-- Opening Marker --
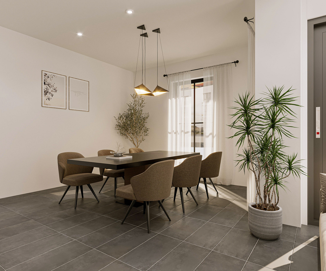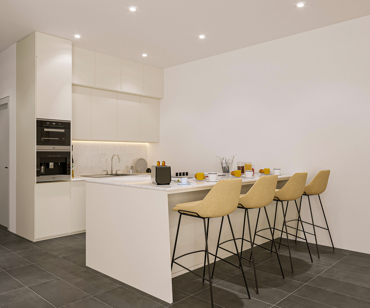 Jede Einheit verfügt über einen einladenden offenen Wohn- und Essbereich, der direkt zum Balkon führt – ideal für geselliges Beisammensein, Aufenthalt im Freien und einen fließenden Übergang zwischen Innen- und Außenraum. Die modernen Badezimmer sind wahlweise mit Dusche oder Badewanne ausgestattet und unterstreichen den hochwertigen Wohnstandard.
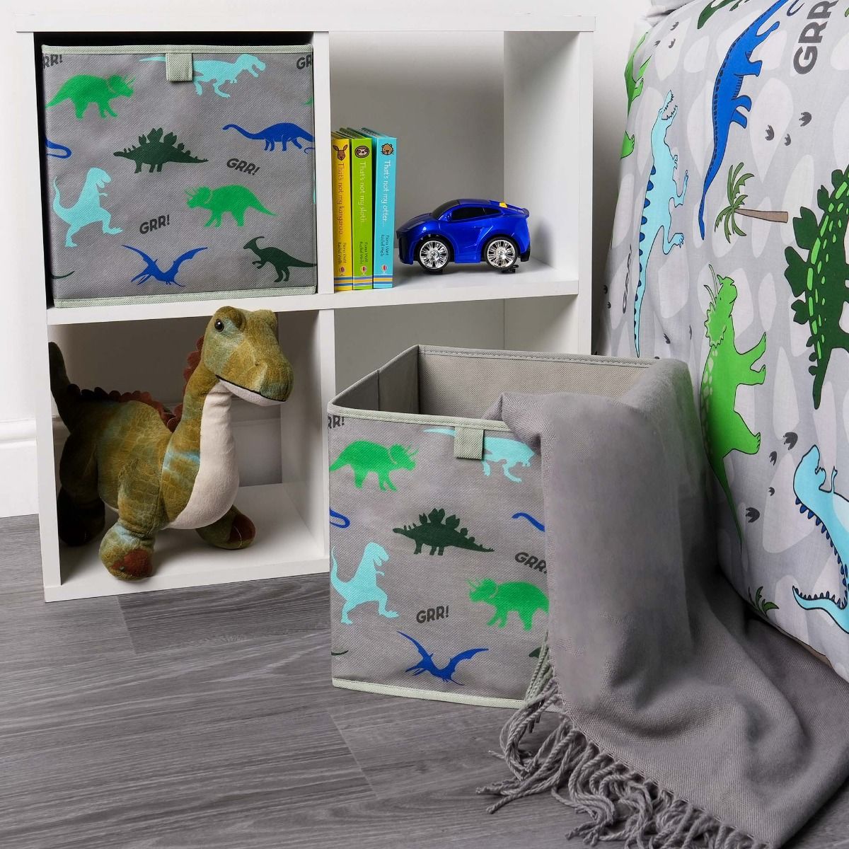 Compact and foldable, keep you rooms tidy with our Dinosaur printed storage box, which can be used to store loose items, includng toys and games. These lightweight storage solutions are a perfect way to achieve a clean look with your items. Due to the cube design they can be used under beds and in most cube shelving units, allowing for a clean finished look.
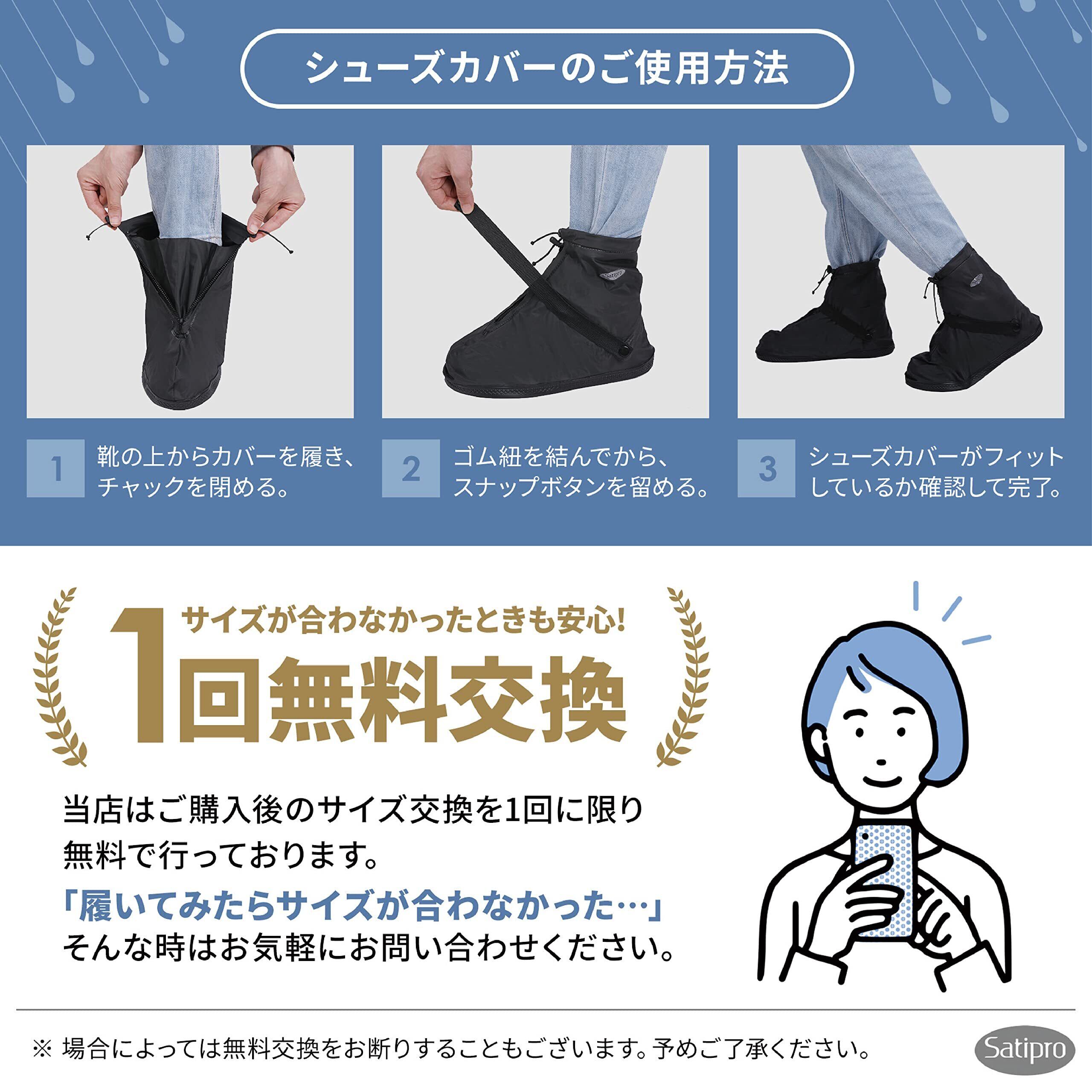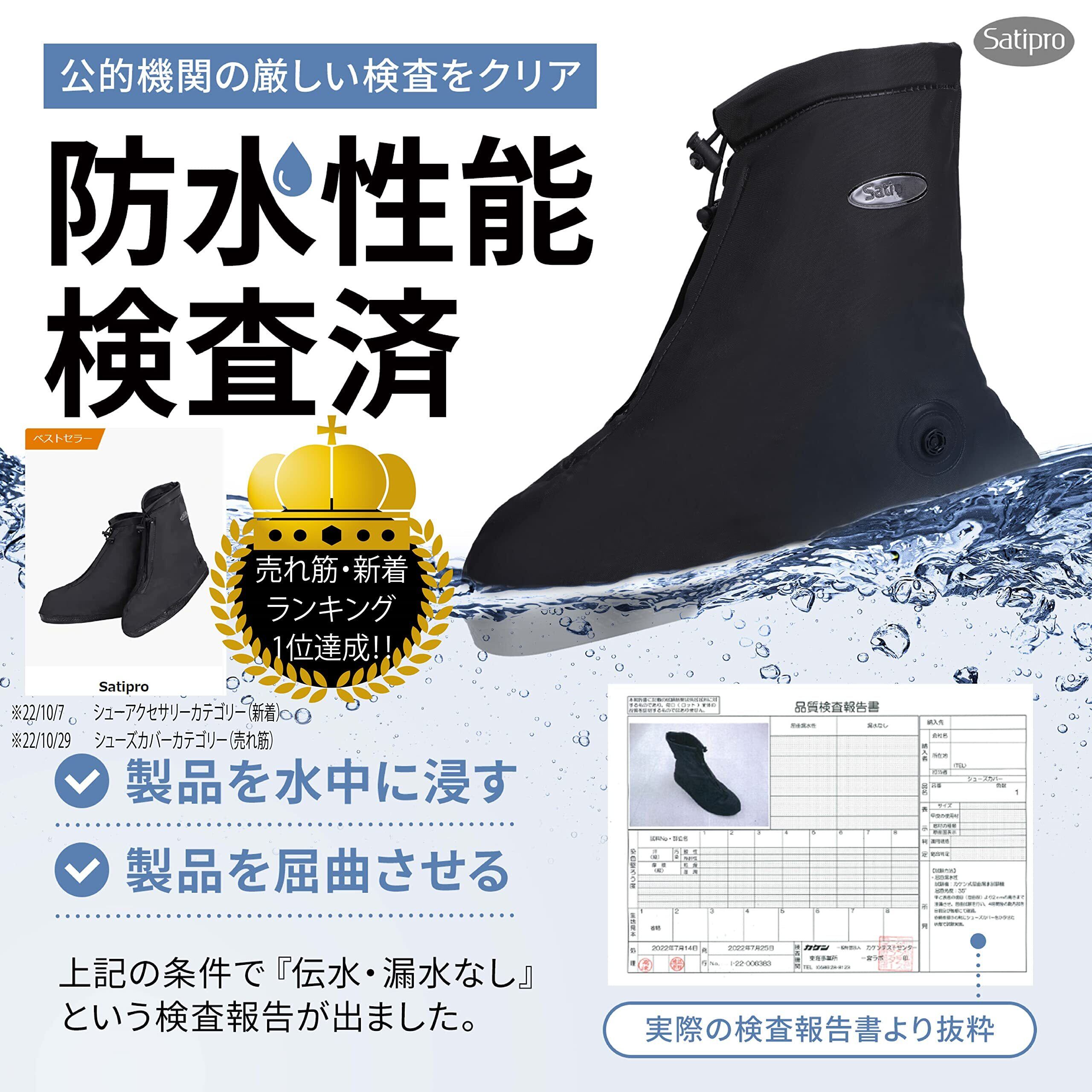[Satipro] 国内防水検査合格 シューズカバー 防水 レインシューズカバー 靴カバー 雨 通勤 通学 自転車 バイク アウトドア キャンプ 日本語説明書付き 1足分入り
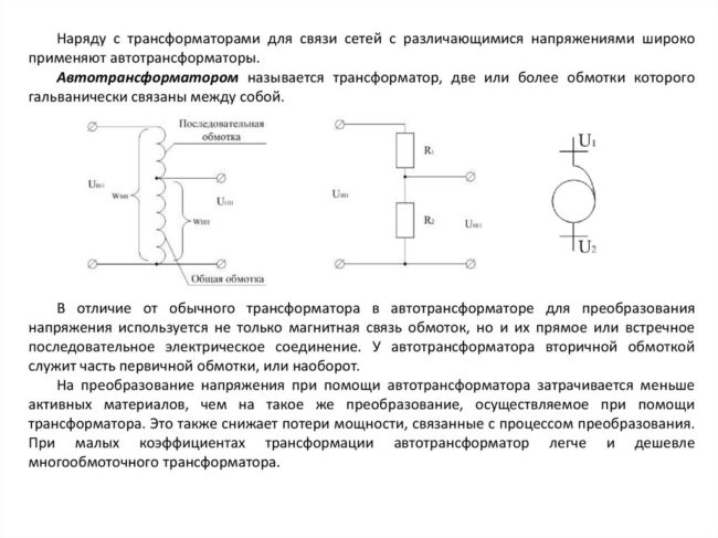 В автотрансформаторе часть витков первичной обмотки используется в качестве вторичной. Автотрансформаторы целесообразно использовать тогда, когда напряжение нужно понизить лишь немного, не в разы, как это делают обычные трансформаторы, а например в 0,7 раз.
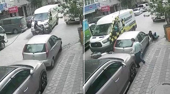 Sultangazi'de, minibüsün çarpmasıyla savrulan kasksız ve ehliyetsiz yabancı uyruklu motosikletli yaralandı. Kazayı gören bir kişi, yaralanan motosikletli yerine otomobilinin zarar görüp, görmediğine baktı. Yaşananlar saniye saniye güvenlik kamerasına yansıdı.
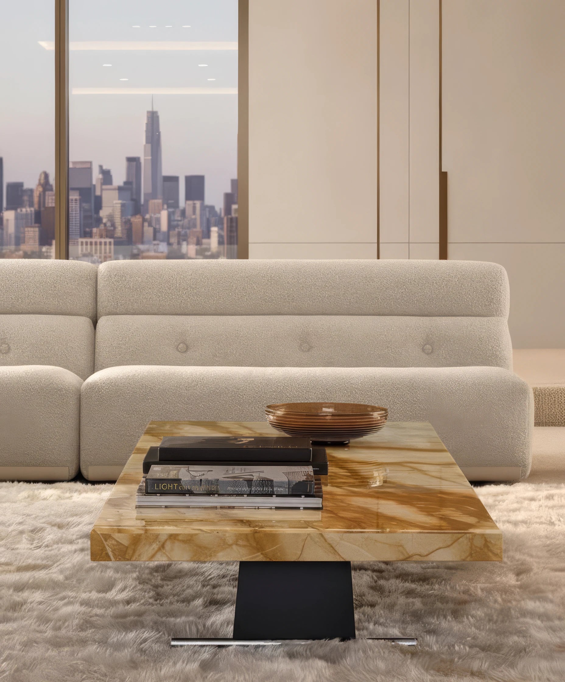 Yaser Marble Coffee Table is defined by a striking architectural design that balances sculptural form with refined elegance. Its top features an inverted profile accentuated by a recessed metal detail, lending both depth and sophistication to the piece. The base, composed of sleek polished elements, supports the top with an appearance of weightless suspension. Carefully crafted to combine strength with lightness, it becomes a refined focal point that enhances contemporary interiors.
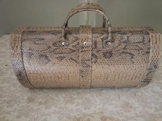 Elegante borsa vintage, ideale per trasportare una bottiglia. Realizzata in pelle con un motivo che imita la pelle di serpente. - Design cilindrico. - Manici superiori. - Chiusura centrale con bottone a pressione.
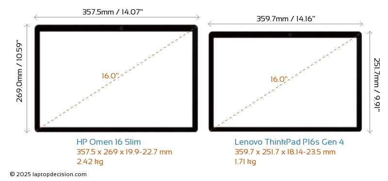 HDMI両方の Omen 16 Slim と ThinkPad P16s Gen 4 は、外部モニターに接続するための HDMI ポート (1x HDMI 2.1) を備えています。
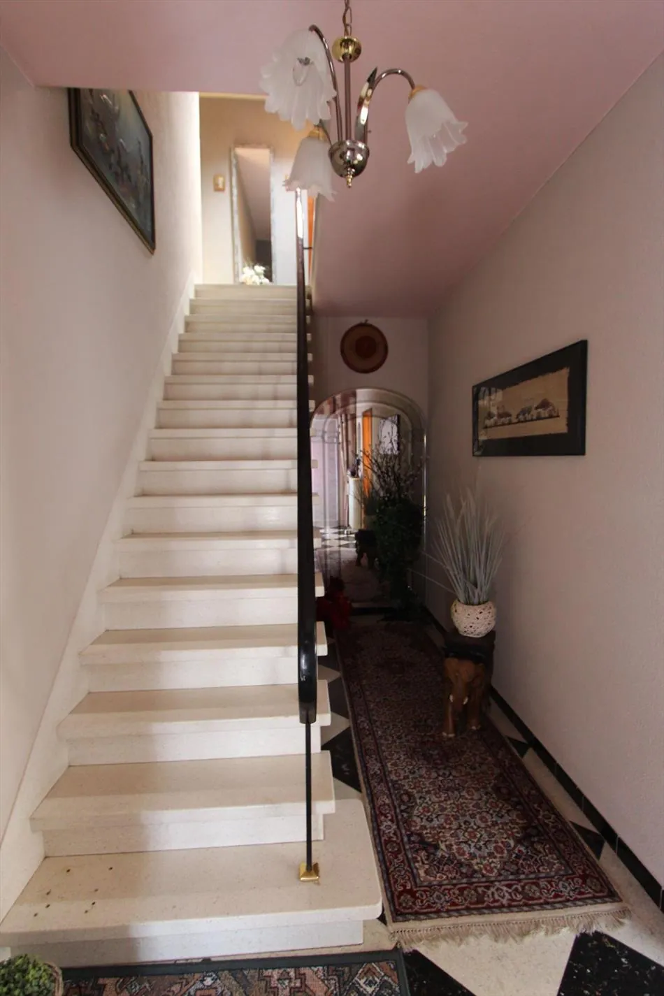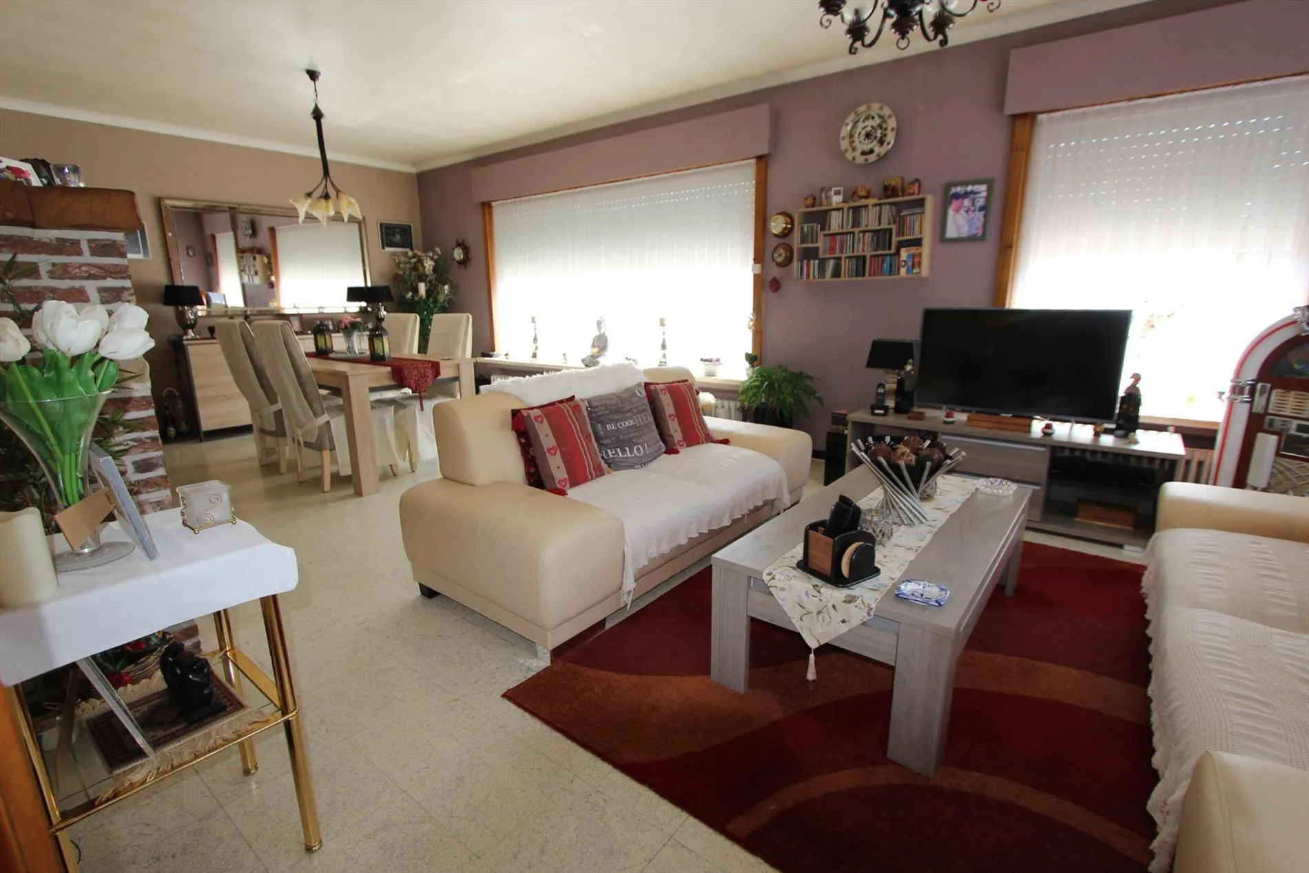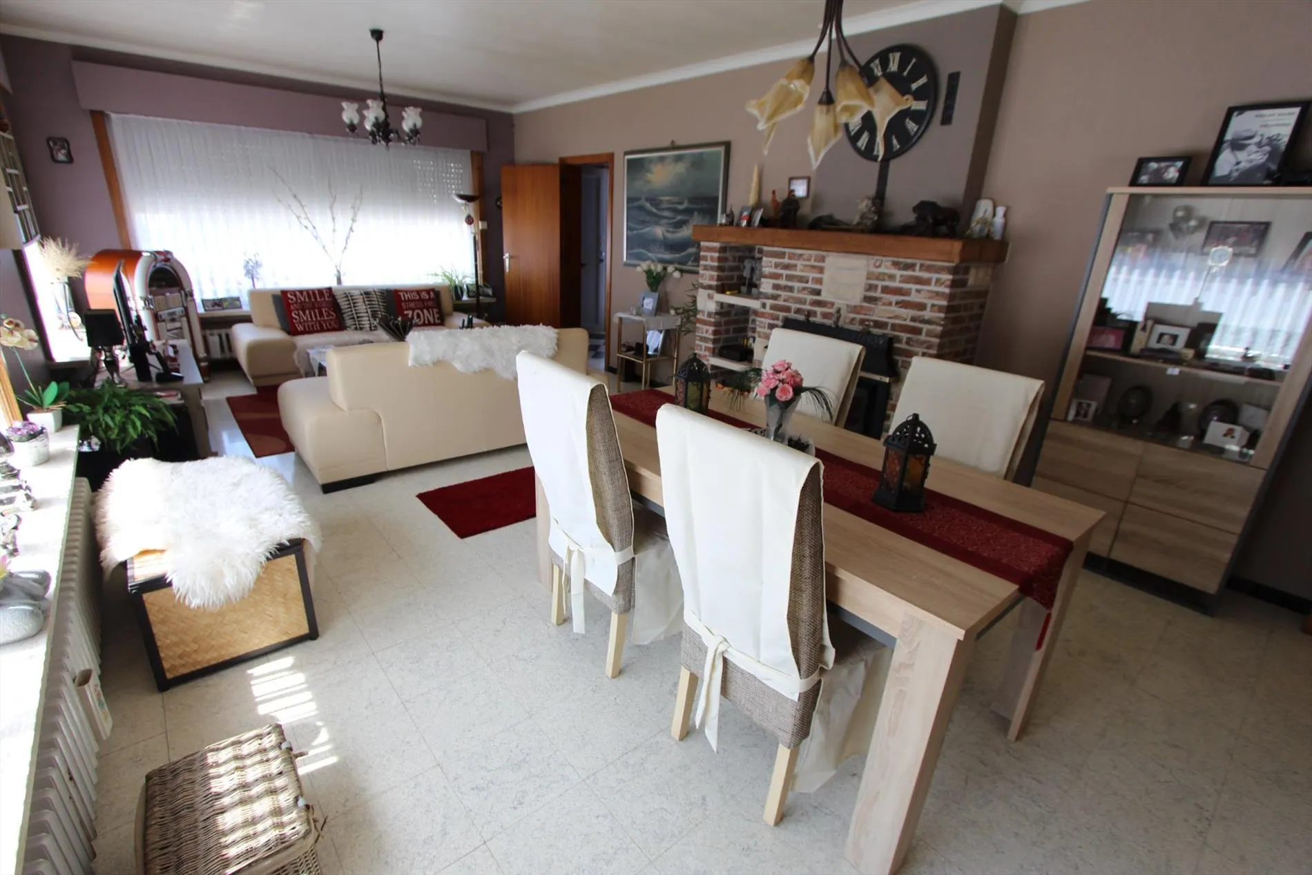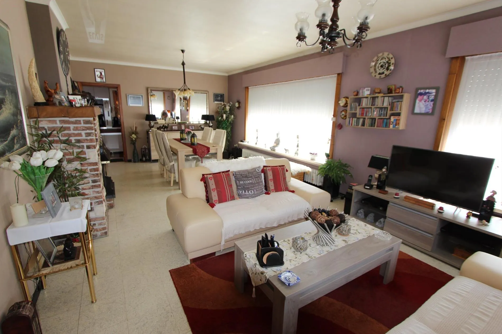 Deze alleenstaande woning is gelegen op een grondoppervlakte van 1157 m² en bestaat uit: oprit - voortuin - inkomhal - toilet - ruime living met ingebouwde haard - keuken - veranda - overdekt terras - wasplaats met doucheruimte - berging - kelder - 2 garages - zonneterras - zuidgerichte tuin - groot tuinhuis - houten bergplaats - nachthall - 4 slaapkamers - 1 bureau - badkamer. Overal rolluiken voorzien, centrale verwarming.
-- Closing Marker --
EXERCISE PROMPT:
With the pictures stripped out, return each record word for word.

TASK RESPONSE:
 Jede Einheit verfügt über einen einladenden offenen Wohn- und Essbereich, der direkt zum Balkon führt – ideal für geselliges Beisammensein, Aufenthalt im Freien und einen fließenden Übergang zwischen Innen- und Außenraum. Die modernen Badezimmer sind wahlweise mit Dusche oder Badewanne ausgestattet und unterstreichen den hochwertigen Wohnstandard.
 Compact and foldable, keep you rooms tidy with our Dinosaur printed storage box, which can be used to store loose items, includng toys and games. These lightweight storage solutions are a perfect way to achieve a clean look with your items. Due to the cube design they can be used under beds and in most cube shelving units, allowing for a clean finished look.
[Satipro] 国内防水検査合格 シューズカバー 防水 レインシューズカバー 靴カバー 雨 通勤 通学 自転車 バイク アウトドア キャンプ 日本語説明書付き 1足分入り
 В автотрансформаторе часть витков первичной обмотки используется в качестве вторичной. Автотрансформаторы целесообразно использовать тогда, когда напряжение нужно понизить лишь немного, не в разы, как это делают обычные трансформаторы, а например в 0,7 раз.
 Sultangazi'de, minibüsün çarpmasıyla savrulan kasksız ve ehliyetsiz yabancı uyruklu motosikletli yaralandı. Kazayı gören bir kişi, yaralanan motosikletli yerine otomobilinin zarar görüp, görmediğine baktı. Yaşananlar saniye saniye güvenlik kamerasına yansıdı.
 Yaser Marble Coffee Table is defined by a striking architectural design that balances sculptural form with refined elegance. Its top features an inverted profile accentuated by a recessed metal detail, lending both depth and sophistication to the piece. The base, composed of sleek polished elements, supports the top with an appearance of weightless suspension. Carefully crafted to combine strength with lightness, it becomes a refined focal point that enhances contemporary interiors.
 Elegante borsa vintage, ideale per trasportare una bottiglia. Realizzata in pelle con un motivo che imita la pelle di serpente. - Design cilindrico. - Manici superiori. - Chiusura centrale con bottone a pressione.
 HDMI両方の Omen 16 Slim と ThinkPad P16s Gen 4 は、外部モニターに接続するための HDMI ポート (1x HDMI 2.1) を備えています。
 Deze alleenstaande woning is gelegen op een grondoppervlakte van 1157 m² en bestaat uit: oprit - voortuin - inkomhal - toilet - ruime living met ingebouwde haard - keuken - veranda - overdekt terras - wasplaats met doucheruimte - berging - kelder - 2 garages - zonneterras - zuidgerichte tuin - groot tuinhuis - houten bergplaats - nachthall - 4 slaapkamers - 1 bureau - badkamer. Overal rolluiken voorzien, centrale verwarming.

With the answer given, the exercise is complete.